Young people suffering in silence

Young people suffering in silence

By Liz Lockhart

Nick Clegg, the Deputy Prime Minister, will announce today that up to £22m will be spent on a pioneering programme to allow children with mental health problems access to the very best services available.  This access is also intended to be delivered in a wider range of places.

Whilst this news is welcome we ask ‘is it enough’?  With mental health problems currently affecting 1 in 4 people in the United Kingdom it is vital that we safeguard our young people to avoid further problems in the long term, both for them and for our overstretched health care services.

In response to Mr. Clegg’s announcement The Mental Health Foundation says that we must remember that this is not ‘job done’.  Children’s mental health needs to be supported from the day they are born, as a child’s early years are crucially important in terms of developing good mental wellbeing and emotional resilience for their lifetime.

The Department of Health describes this new initiative as a ground-breaking children’s mental health programme.   The investment will go to the Children and Young People’s Improving Access to Psychological Therapies (IAPT) project and will be given over the next three years.  It is intended to improve their state-of-the-art psychological therapies, whilst also giving extended training for people who work with young people outside the health settings, for example youth groups and schools.

The Department of Health says that one in ten children aged between 5 and 16 has a clinically diagnosable mental health problem.  Half of all adults with long term mental health problems will have experienced their first symptom before the age of 14.  10% of 15-16 year-old have self-harmed and self-harming and substance abuse are known to be common children and young people with mental health disorders.

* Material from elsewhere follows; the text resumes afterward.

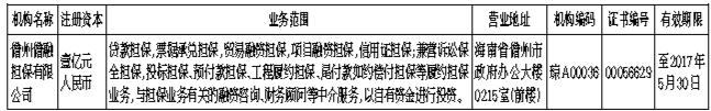 根据有关规定,我厅于2015年3月2日换发了如下《融资性担保机构经营许可证》:

It is the current failure to treat mental health problems in children that can lead to a devastating impact on their future.  This can result in reduced job and life expectations.  The best chances in life will be obtained by encouraging people to be open about mental illness and by extending the available therapies to ensure intervention is at hand.

Nick Clegg said ‘Too many young people suffer in silence with mental health problems.  This is vital investment that will give children the very best tailored treatment to restore them to good health, so that their illnesses are not simply swept under the carpet.’

Clegg added ‘With one in ten young people suffering from a mental health problems, we cannot let this issue drift or rely on adult services as a cure-all.  The money we are investing today will work specifically for children on therapies that are proven to work.  Mental health must have the same priority as physical health.  Giving children the treatment they need as soon as they need it will help ensure that millions of children suffering from a mental health problem will have a fairer opportunity to succeed in life.’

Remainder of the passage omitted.